= Eric Blackwood =

Canadian aviator (1921–2007)

Eric W. Blackwood (December 7, 1921 – 2007) was a Canadian aviator. A noted navigator, during World War II, serving in both the Royal Canadian Air Force and the Royal Air Force, Blackwood is the founder of Eastern Provincial Airways. In the early days of EPA, Blackwood acted as pilot, operations manager and director.

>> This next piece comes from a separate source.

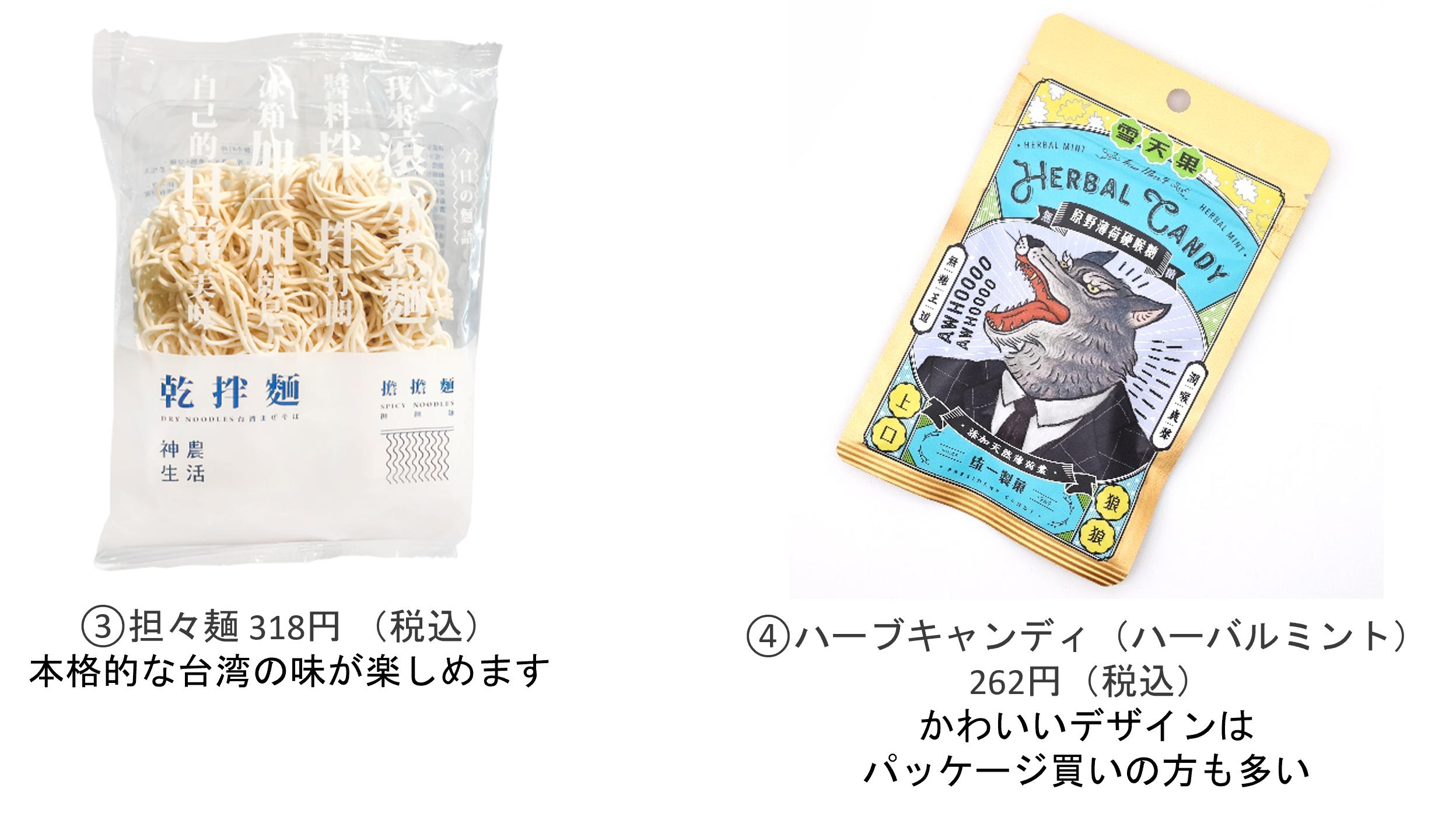 台湾でも日本でも人気の商品で、おいしさはもちろん台湾ならではの独特な色遣いのかわいいパッケージの商品もたくさん揃い、見ているだけでもテンションが上がり楽しんでいただけるストアです。

Blackwood was born in Brookfield, Bonavista Bay, Newfoundland. He was educated at Wesleyville and went on to Prince of Wales College at St. John's. He joined the air force in 1942. In 1945 he formed Newfoundland Aero Sales and Services Inc. with James McLoughlin and Ren Goobie. Newfoundland Aero Sales and Service was eventually sold to Maritime Central Airways in 1949. Then on March 10, 1949, Blackwood founded Eastern Provincial Airways with a single plane, a Twin 50 Cessna.

Blackwood died in 2007.

Timeline for EPA
- 1949: Eastern Provincial Airways (charters), St John's Newfoundland
- 1961: Scheduled flights to Greenland begun.
- 1963: Acquired Maritime Central Airways.
- 1982: Subsidiary Air Maritime.
- 1983: Headquarter operations moved from Gander to Halifax.
- 1984: Merged with Canadian Pacific Air Lines.